One of the issues we can’t seem to get control of is the returning of some of our ‘stuff’–if everything was returned that was overdue, our quarantine area would be overflowing. (But that would be a happy problem).  One area of deep concern is our circulating local history books–some cannot be replaced, so once checked out and not returned, the only way to use these books is to read the reference copies in the library.  We’d really like the books back, and currently we are not charging overdue fines–there are replacement bills on record, but if the book is returned, we will forgive the bill, at least through the end of May. Start the season with a clean slate and return those library items!

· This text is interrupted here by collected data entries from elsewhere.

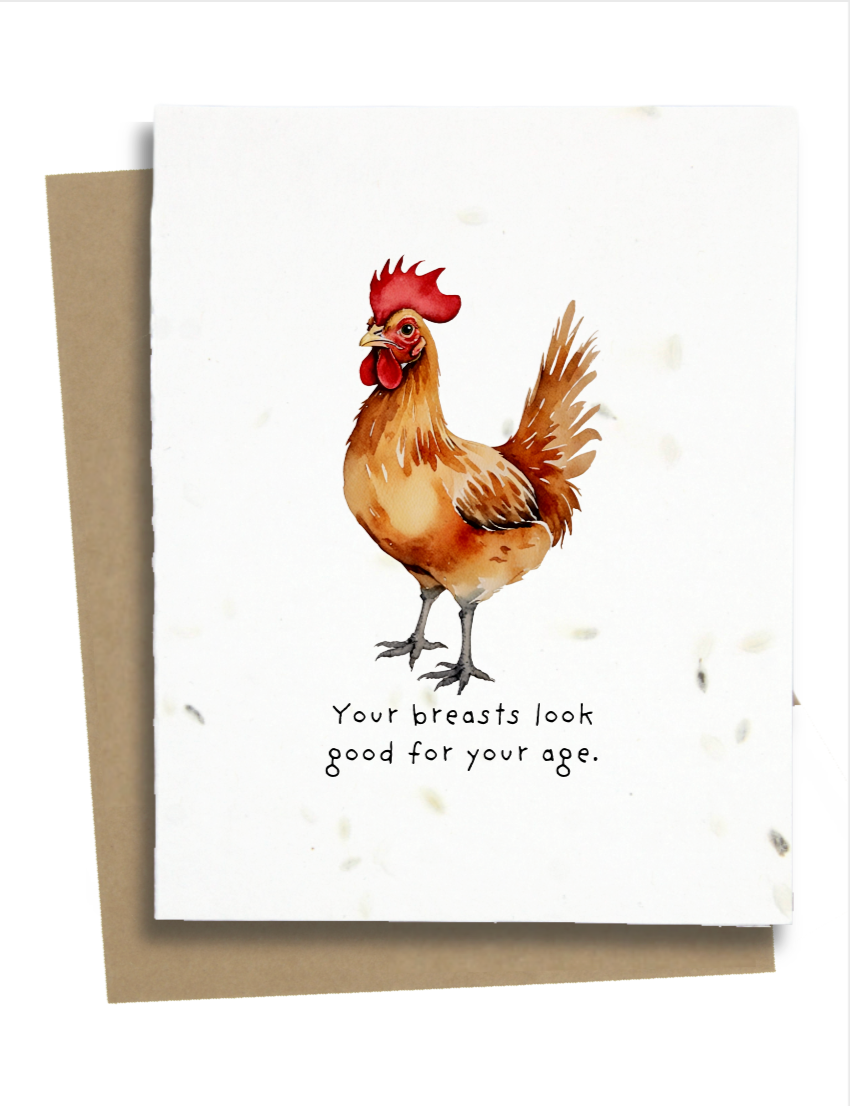 Brighten her day with this humorous rooster card for women. Plantable seed paper ensures it grows into wildflowers after the fun.
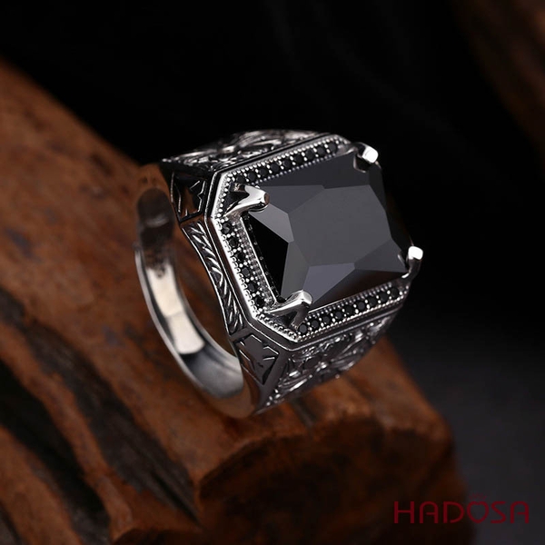- Đá chủ: Hắc ngọc (Đá CZ nhân tạo/Onyx/Obsidian tổng hợp) đen tuyền – màu của mệnh Mộc Thủy. Kích thước đá: 12mmx16mm
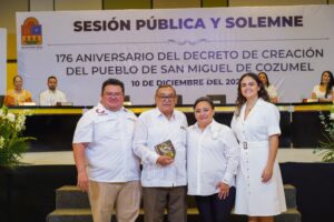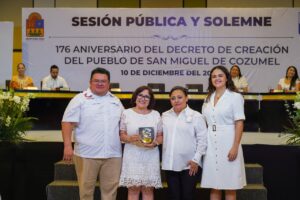 Asimismo, dio la explicación de la entrega de los reconocimientos al Mérito Artístico, Cultural y Social de Cozumel y el reconocimiento a la mujer cozumeleña, detalló que éste es un galardón destinado a destacar la labor, el compromiso y la contribución de mujeres que han impulsado el desarrollo y fortalecimiento de la comunidad y un homenaje para celebrar a quienes, con dedicación excepcional, promueven la identidad, cultura y bienestar de la isla, convirtiéndose en ejemplo e inspiración para las nuevas generaciones al subrayar el papel fundamental de las mujeres en la vida social, cultural y económica de Cozumel.
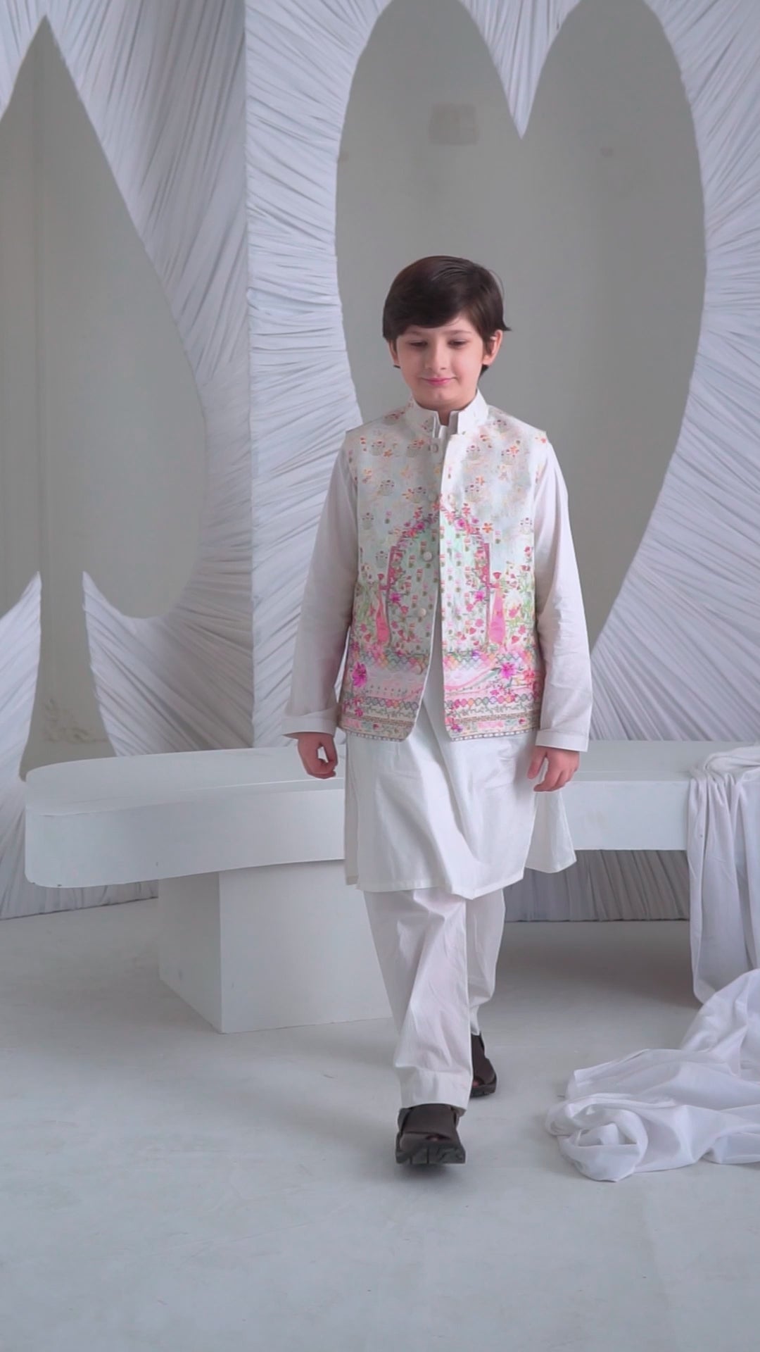 Cut from sumptuous raw silk, the waistcoat is printed with whimsical florals that bloom daintily all over the waistcoat, making this an absolute must-have. The graceful, relaxed-fit waistcoat is paired with a plain Shalwar Kameez; this waistcoat brings an elevated touch to any young boy's wardrobe, combining timeless elegance with youthful charm.
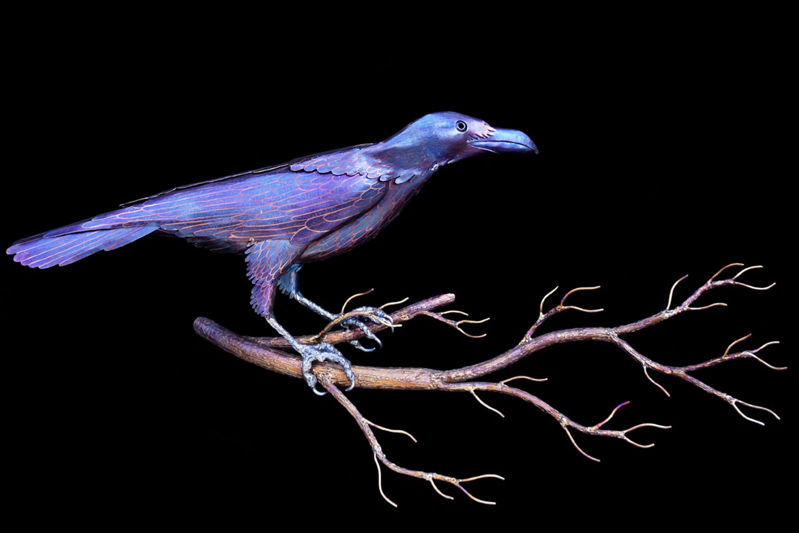 It was interesting to create a black bird with my color palette. I decided to focus on purple with some blues as crows and other black birds can iridesce to be purply blue. I then ground in all the feather detail and brought in some golds to create detail and distinction. And ultimately I felt it worked out quite well and read as a crow, not as a blue or purple bird. I wanted to make this crow sculpture with its wings folded in because for some reason I always imagine crows on a branch peering down or hopping along on the ground. But to have a crow hanging on the wall just floating there felt strange so I decided to create a branch for it to be sitting on. This allowed for a more natural wall hanging look and let the branch double as a support to hold it off the wall a bit. The dimensions above are for the whole piece branch included. The dimensions for the metal crow alone are 28" wide by 14" tall by 6" deep.
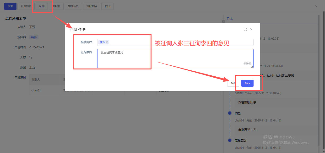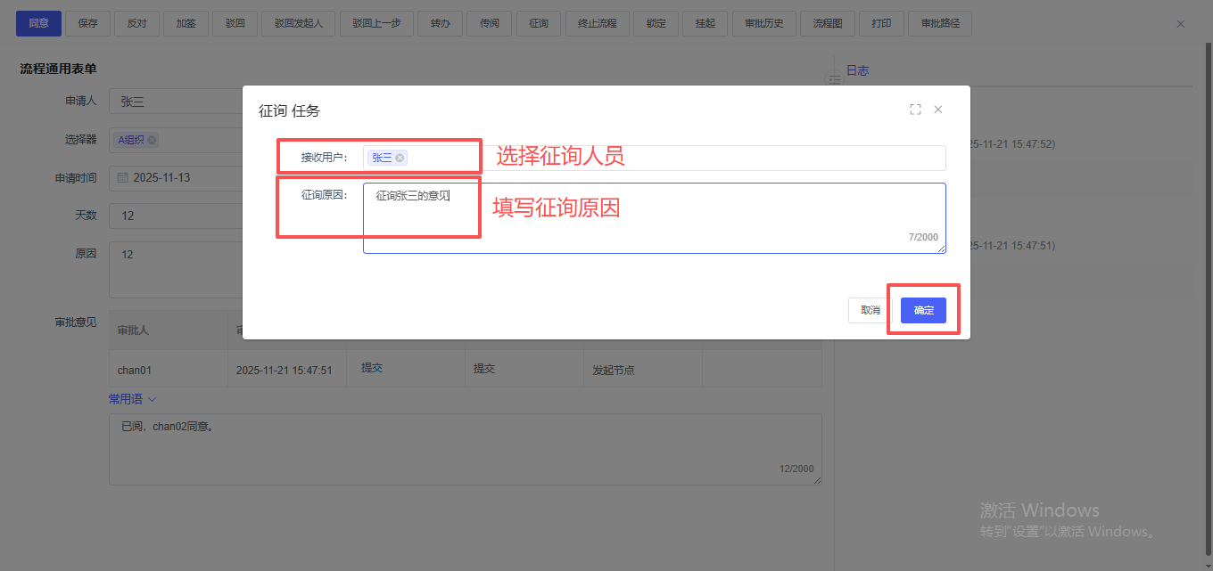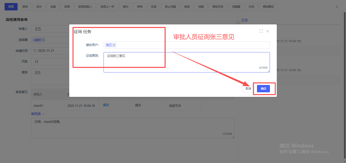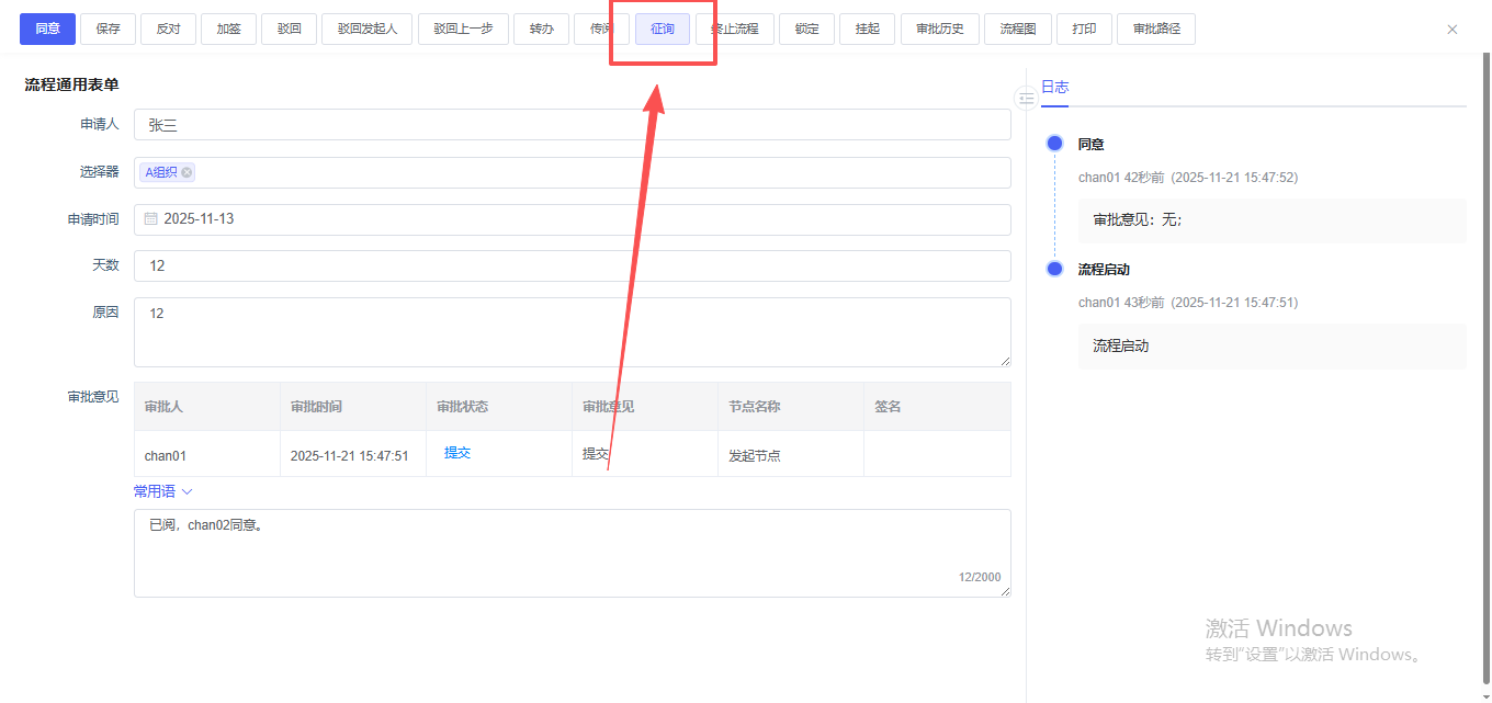 会签特权:可以配置权限来执行对应操作【直接处理会签节点,一票制度【一票同意、一票否决】,补充审批人员等等】
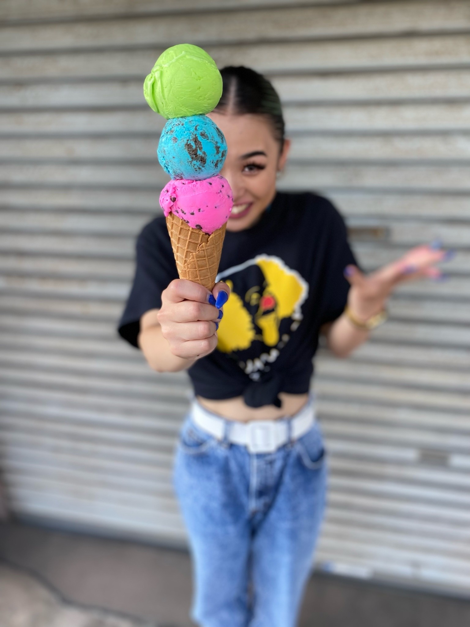 アイスクリーム自体がとても映えているので、あえて背景をシンプルにしたり、店舗の中の装飾とあわせて撮っていただいても、とても面白いと思います。

New hardback fiction coming out this week and next include David Baldacci’s Gambling Man, with the return of WWII veteran Aloysius Archer, Karen White moves between war-torn London and the present in Last Night in London, John Grisham leaves the legal court and moves to the basketball court in Sooley, following the struggle and triumphs of a young South Sudanese who gets the opportunity to come to the US to play collegiate basketball, but has to make sacrifices and tough decisions for a chance at success. of course, it is time for another Danielle Steel novel, this time titled Finding Ashley, where estranged sisters have a chance of reconciliation. Karen Kingsbury spins a yarn of love, inspiration and a healthy dose of suspense in her latest A Distant Shore.  John Sanford continues the prey series with Ocean Prey, and Marc Cameron continues his Alaskan U.S. Marshall Arliss Cutter suspense series in Bone Rattle. (Marc writes some of the Tom Clancy novels as well)

Some nonfiction with local interest that might interest you includes Blood and Treasure: Daniel Boone and the Fight for America’s First Frontier by Bob Drury and Tom Clavin, Holding Back the River: the Struggle Against Nature on America’s Waterways by Tyler Kelly discusses the importance and mythology of the Mississippi, Missouri and Ohio Rivers and the current condition they are in.

As always, we just mention a few titles here—we add to the collection constantly. We don’t mention by name all the paperbacks that come in—cozy mysteries, westerns, romances, and suspense titles get added to the racks frequently, and the best way to find them is stop in and browse.